4 economic principles every local politician should know
By Paul Gorski
There are four basic economic principles our local politicians should know: 1) Tax abatements are not effective tools for long-term economic growth; 2) Locally, TIF districts have not proved to be useful tools in generating long-term economic growth; 3) Investments in public healthcare can have a positive effect on local economies; 4) Investments in public education have long-term benefits to local and regional economies.
Let’s tackle that last one first. Investments aimed at reducing high school dropout rates have a direct benefit on local economies. Higher education levels are associated with lower criminal activity, which is a positive for any community.
High school graduates are also less likely to enroll in state Medicaid programs and federal Medicare health care programs, reducing the participation in these taxpayer-funded programs. In addition, high school graduates earn more money and contribute more in income tax revenue compared to high school dropouts over their respective lifespans. Therefore, the public investment in education eventually comes back to the state economy.

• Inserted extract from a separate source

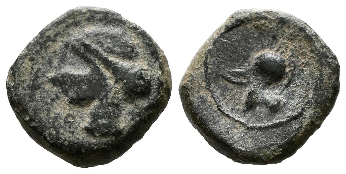CARTAGONOVA (Cartagena, Murcia). 1/4 Calco. (Ae. 1,80g/12mm). 220-215 a.C. (FAB-523). Anv: Cabeza de Atenena a izquierda. Rev: Casco a izquierda. MBC-.
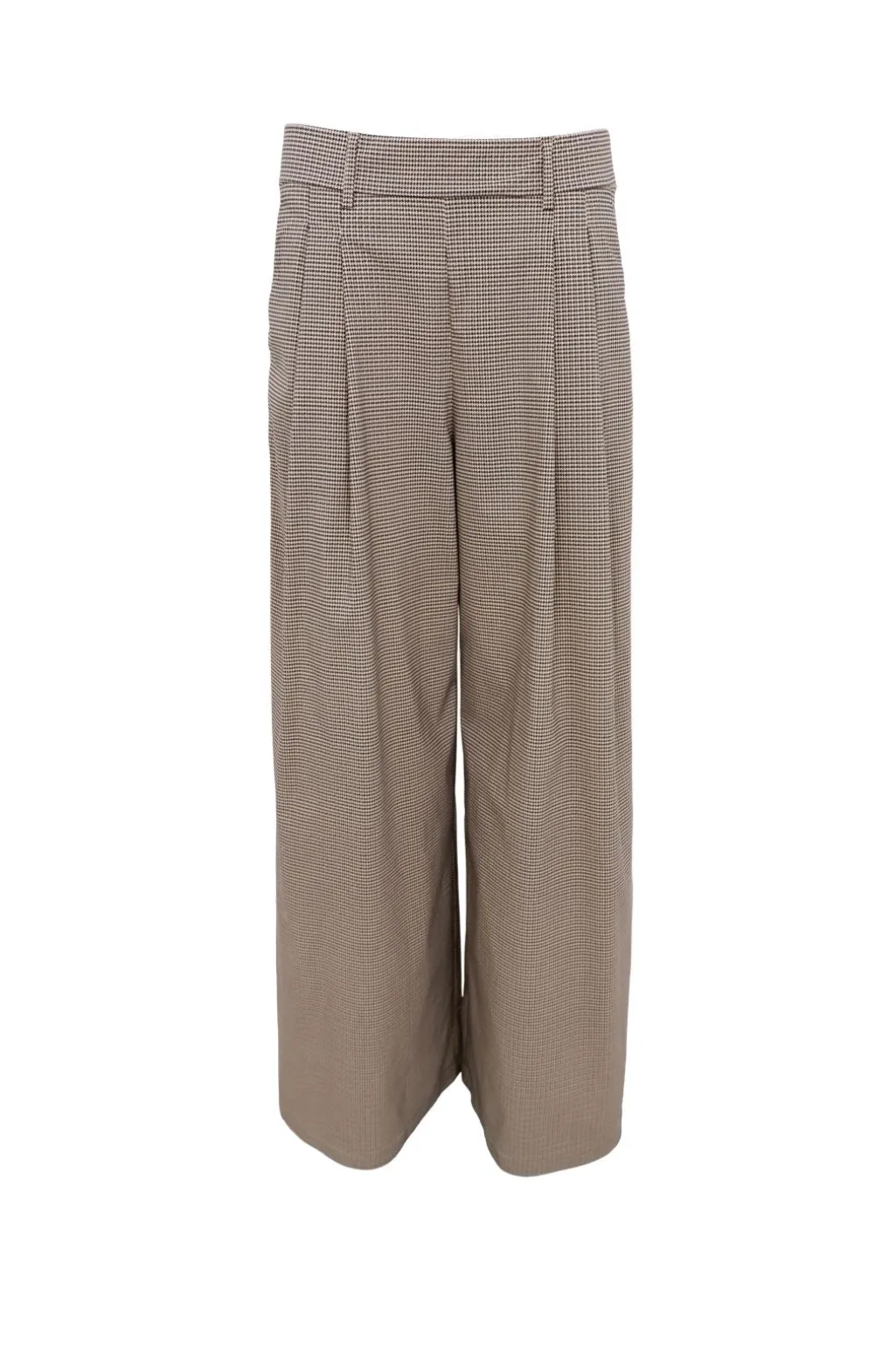 Vidbenede bukser fra Black Colour i brun med et lille ternet mønster. Bukserne har en høj talje og en løs pasform.

Investments in public healthcare aimed at keeping residents out of emergency rooms as their primary source of care can have a positive effect on resident health and local hospitals’ bottom line.
Local hospital systems often carry the burden of treating low-income, underinsured patients in their emergency departments. Programs that increase clinic access, provide for mobile clinics and programs that help avoid chronic health conditions can help hospitals save money and improve the health of the community. Local governments can help by providing financial assistance for vaccinations, wellness education, and promoting access to care.
Tax abatements, often in the form of property tax relief, have not been shown to promote long-term economic growth. From my March 2014 column: “Michigan researchers found that while tax abatements in Michigan might work for some industries in some high-tax rate areas, that “net tax abatements result in a net cost to the local government.” In other words, the tax reductions cost the local governments more than the promised economic benefit.” The article details similar examples.
Tax increment financing (TIF) districts offer a slightly brighter prospect for economic growth, but we have not used them wisely, and property values have been dropping in some of our TIF districts, so there is not enough money coming in to repay the money borrowed to improve those areas. Not only are we not improving these areas, we are putting ourselves deeper into debt.
Course summary: invest in public health and public education, and use tax incentives sparingly.